» **Task goal**
Using the data below, print exactly the line with "Gut Feeling (2019), de Eva Fábregas", the line with "Musterschacht 2", and every line between them, but none of the pictures.

» **Supplied entries**
********
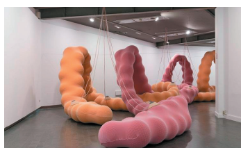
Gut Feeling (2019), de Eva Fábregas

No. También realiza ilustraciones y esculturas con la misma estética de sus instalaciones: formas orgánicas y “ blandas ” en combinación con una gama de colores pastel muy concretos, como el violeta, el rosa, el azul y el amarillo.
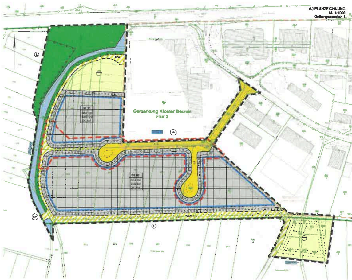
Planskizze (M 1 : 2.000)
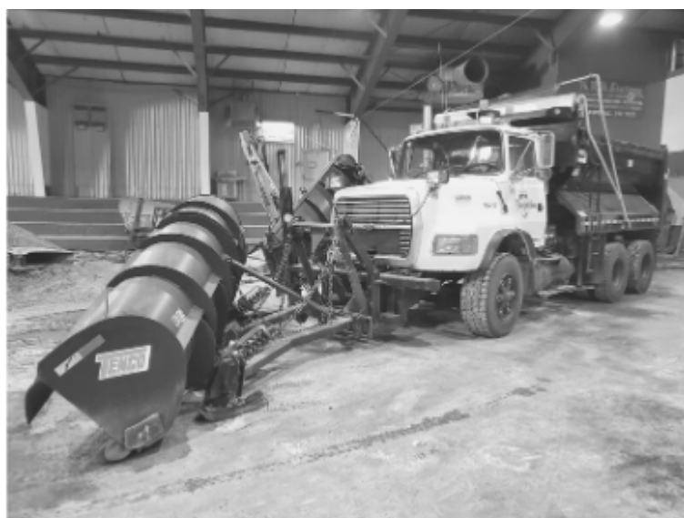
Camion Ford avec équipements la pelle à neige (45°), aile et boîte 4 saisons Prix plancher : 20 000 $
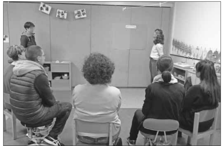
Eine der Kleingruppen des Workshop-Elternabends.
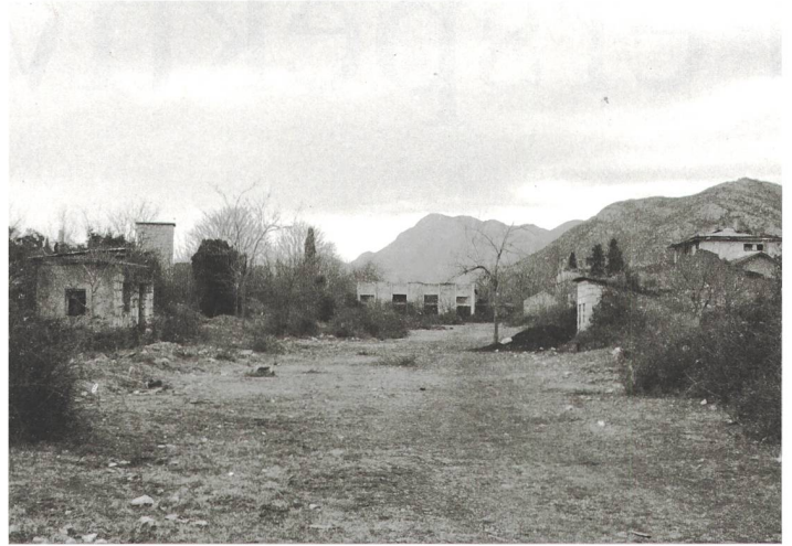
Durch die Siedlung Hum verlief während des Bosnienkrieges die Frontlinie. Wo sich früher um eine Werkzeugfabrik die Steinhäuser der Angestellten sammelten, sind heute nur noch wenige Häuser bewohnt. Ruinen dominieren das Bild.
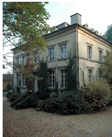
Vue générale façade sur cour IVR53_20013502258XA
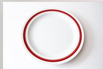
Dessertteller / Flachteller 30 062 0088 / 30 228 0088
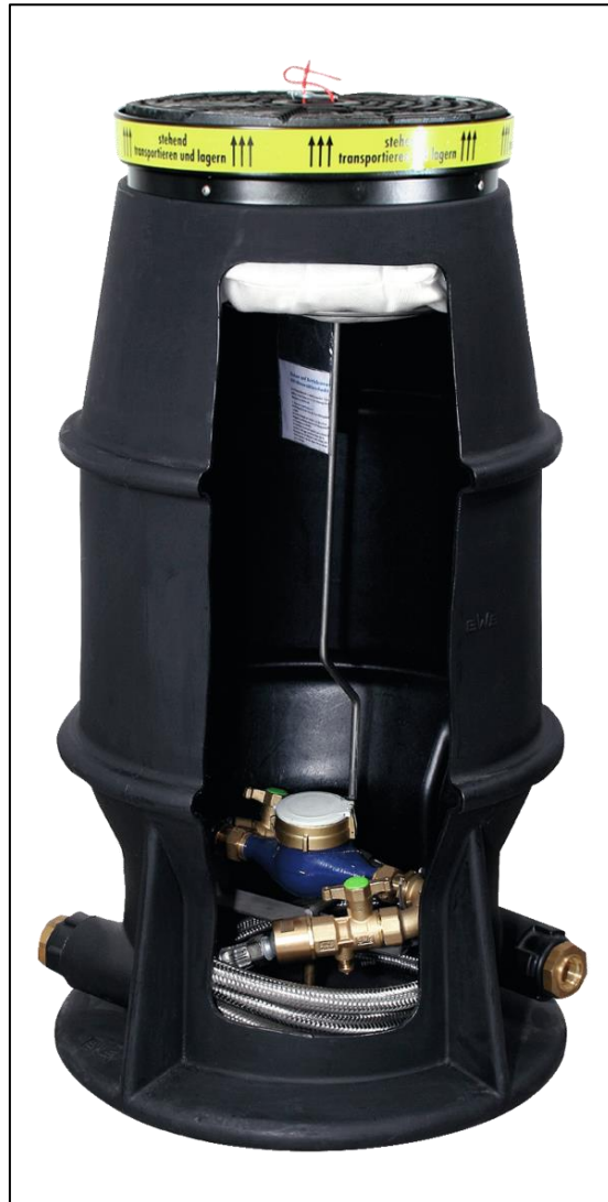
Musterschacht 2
********
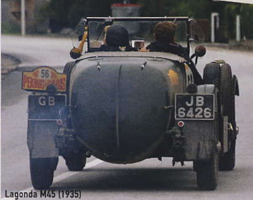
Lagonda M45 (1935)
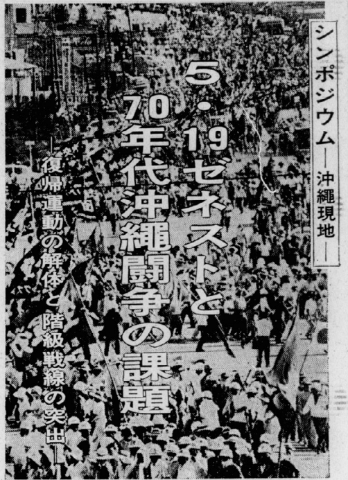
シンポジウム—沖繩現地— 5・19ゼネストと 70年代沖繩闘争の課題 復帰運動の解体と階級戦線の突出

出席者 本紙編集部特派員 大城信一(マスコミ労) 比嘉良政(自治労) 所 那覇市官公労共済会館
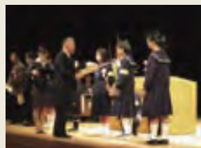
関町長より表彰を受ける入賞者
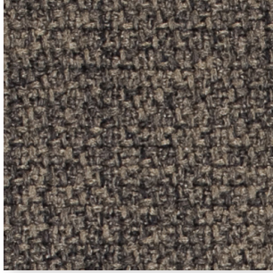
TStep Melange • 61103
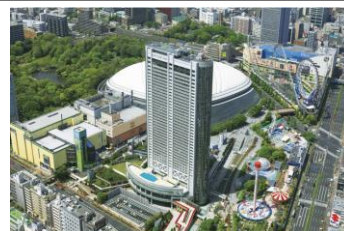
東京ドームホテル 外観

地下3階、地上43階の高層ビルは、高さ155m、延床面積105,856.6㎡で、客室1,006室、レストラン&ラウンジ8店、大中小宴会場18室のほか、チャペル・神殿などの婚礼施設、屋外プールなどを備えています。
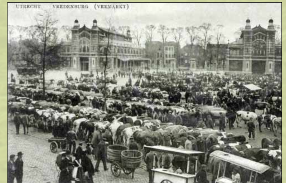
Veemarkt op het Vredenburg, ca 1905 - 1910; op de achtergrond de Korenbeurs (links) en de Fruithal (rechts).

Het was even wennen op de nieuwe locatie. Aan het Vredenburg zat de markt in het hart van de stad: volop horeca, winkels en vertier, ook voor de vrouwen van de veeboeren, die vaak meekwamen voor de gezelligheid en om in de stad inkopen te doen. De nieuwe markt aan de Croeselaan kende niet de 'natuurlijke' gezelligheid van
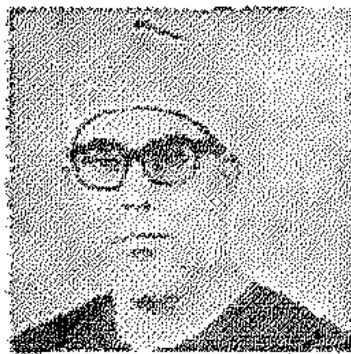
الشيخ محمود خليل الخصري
********
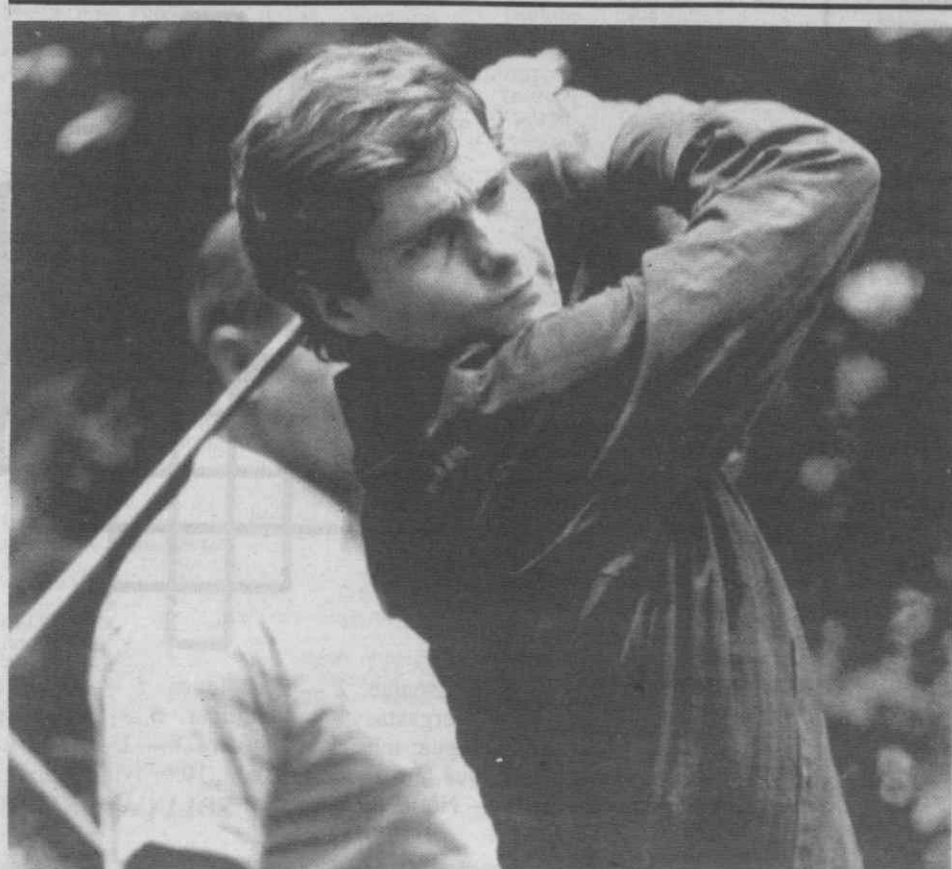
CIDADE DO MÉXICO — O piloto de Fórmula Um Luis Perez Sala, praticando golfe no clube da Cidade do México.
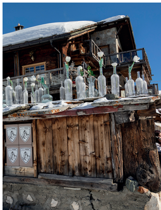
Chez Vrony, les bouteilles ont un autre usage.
********
» **Exercise output**
Gut Feeling (2019), de Eva Fábregas

No. También realiza ilustraciones y esculturas con la misma estética de sus instalaciones: formas orgánicas y “ blandas ” en combinación con una gama de colores pastel muy concretos, como el violeta, el rosa, el azul y el amarillo.
Planskizze (M 1 : 2.000)
Camion Ford avec équipements la pelle à neige (45°), aile et boîte 4 saisons Prix plancher : 20 000 $
Eine der Kleingruppen des Workshop-Elternabends.
Durch die Siedlung Hum verlief während des Bosnienkrieges die Frontlinie. Wo sich früher um eine Werkzeugfabrik die Steinhäuser der Angestellten sammelten, sind heute nur noch wenige Häuser bewohnt. Ruinen dominieren das Bild.
Vue générale façade sur cour IVR53_20013502258XA
Dessertteller / Flachteller 30 062 0088 / 30 228 0088
Musterschacht 2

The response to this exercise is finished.